Senior Site Reliability Engineer

Posted 5 days ago

This is a fully remote position, open to applicants in Florida.

📋 Description

• Ensure the availability, reliability, and performance of high-traffic Java-based applications within a distributed environment.

• Troubleshoot and resolve intricate issues across both production and non-production settings.

• Engage in pre- and post-deployment performance testing and monitoring to enhance application performance continuously.

• Optimize Java application performance focusing on JVM tuning, efficient resource use, and horizontal scaling.

• Deploy and manage the Grafana stack (Grafana, Prometheus, Loki, Mimir, Alloy) to provide real-time monitoring, logging, and alerting.

• Implement and refine observability strategies to improve visibility into application and infrastructure health.

• Create and maintain dashboards, alerts, and log queries for thorough system health monitoring.

• Integrate AI/ML models into the observability pipeline for anomaly detection, predictive alerting, and intelligent alert correlation and noise reduction.

• Design, build, and operate agentic AI workflows to automate operational tasks such as alert triage, root cause analysis, runbook execution, and incident summarization.

• Develop tool-calling LLM agents that interact with infrastructure APIs (Kubernetes, Grafana, Jira, Slack, PagerDuty) for autonomous diagnostic and remediation actions or with human-in-the-loop approval.

• Build and maintain MCP (Model Context Protocol) servers and integrations that expose internal systems as tool surfaces for AI agents.
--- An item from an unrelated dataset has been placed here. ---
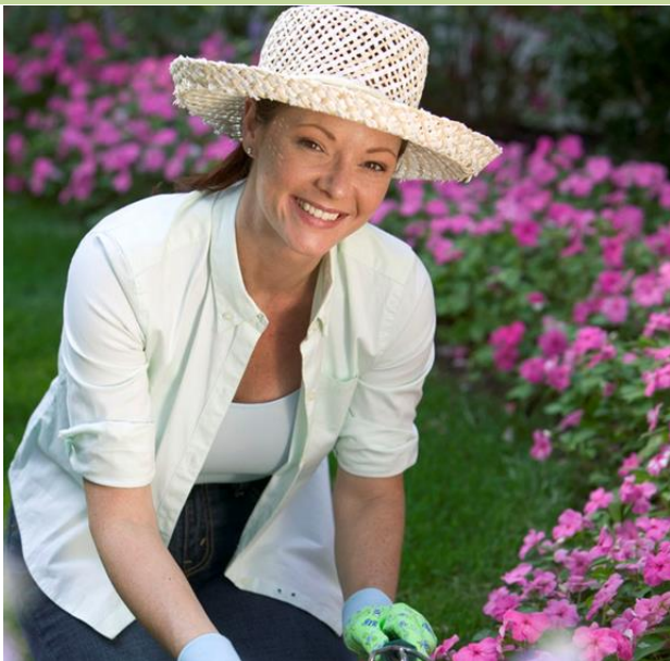
[atkelta iš 1 psl.]

rodiklį. Bedarbės moterys birželio 1 d. sudarė 8,0 proc. šalies darbingo amžiaus moterų. Teritorinėse darbo biržose buvo registruota 69,2 tūkst. neturinčių darbo moterų.

• Evaluate, select, and operationalize LLM frameworks and orchestration platforms (e.g., LangChain, LangGraph, CrewAI, n8n, or custom solutions) for production-grade agentic systems.

• Implement guardrails, evaluation harnesses, and feedback loops to ensure AI agent outputs are accurate, safe, and consistently improving.

• Advocate for the adoption of AI-assisted development and operations practices across the SRE and broader engineering organization.

• Support the operations team’s incident response efforts, conduct post-mortems, and identify root causes to prevent recurrence.

• Leverage AI tools to accelerate incident timelines, auto-generate post-mortem drafts, and identify patterns across historical incidents.

• Document and share lessons learned, contributing to a culture of continuous improvement.

• Identify repetitive operational workflows and design AI-augmented or fully automated replacements.

• Create self-service tools and chatbot interfaces that allow engineering teams to query system status, retrieve logs, and execute standard operating procedures using natural language.

• Measure and report on toil reduction metrics to quantify the impact of automation initiatives.

• Collaborate closely with developers, architects, and data/ML engineers to design solutions that enhance reliability and utilize AI capabilities.

• Work alongside DevOps and NOC teams to support the application platform.

• Communicate SRE practices, AI/automation capabilities, and operational insights to both technical and non-technical stakeholders.

• Provide feedback on application performance, potential improvements, and observability metrics.


⛳️ Requirements

• Bachelor's degree in Computer Science or a related field, or equivalent professional experience.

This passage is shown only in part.